文明を変えた植物たち

読んだ本の感想。

酒井伸雄著。2011年8月30日 第1刷発行。



第一章 ヨーロッパ発展の原動力ジャガイモ
じゃが芋の原産地は、南米の東コルディエラ山脈と西コルディエラ・ネグラ山脈の間にある標高4㎞のアルティプラノ高原である。紀元前3000年頃には栽培が始まり、ティワナク文明(9世紀~11世紀)やインカ帝国発展の原動力となる。
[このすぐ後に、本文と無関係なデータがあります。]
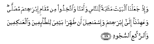 &n?sp; “And I remember when we made the House (at Mecca) a resort for mankind and a sanctuary (saying) Take as your place of worship tile place where Abraham stood (to pray). And We imposed a duty upon Abraham and Ismail (saying) : Purify My House for those who go around and those who meditate therein and those who bend down and prostrate themselves (in worship) !. (Surah II, 125).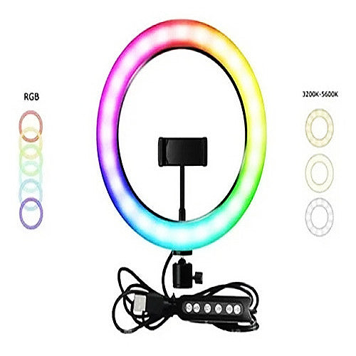 O Ring Light LED RGB possui 6 tipos de cores, tem 3 opções de temperatura de cores e 10 opções de intensidade da cor, podendo ser alternados direto no controle de iluminação, os efeitos podem ser usados de acordo com diferentes ambientes de escurecimento.

芋類は地下で大きくなるので気候変動の影響を受け難く調理し易いが、水分が多いために保存に適さず、重いために大量輸送にも問題があり、同量のエネルギーを摂取するには穀物の四~五倍の芋が必要である。

<チューニョ>
乾燥じゃが芋。
四月~九月のアンデスは乾季となり、一日に30度以上の温度差が生じる。気温差が大きい六月~七月にじゃが芋を野天に広げて数日放置し、じゃが芋が凍結~解凍を繰り返すようにして水分を出し易くして、足で踏みつけて水分を抜いて、さらにそのまま乾燥させればコルク状の澱粉質のみが残る。生のじゃが芋の水分を80%とすると、重量が1/5になり、保存にも適すようになる。

⇒輸送や貯蔵に便利になった事で文明が発生した?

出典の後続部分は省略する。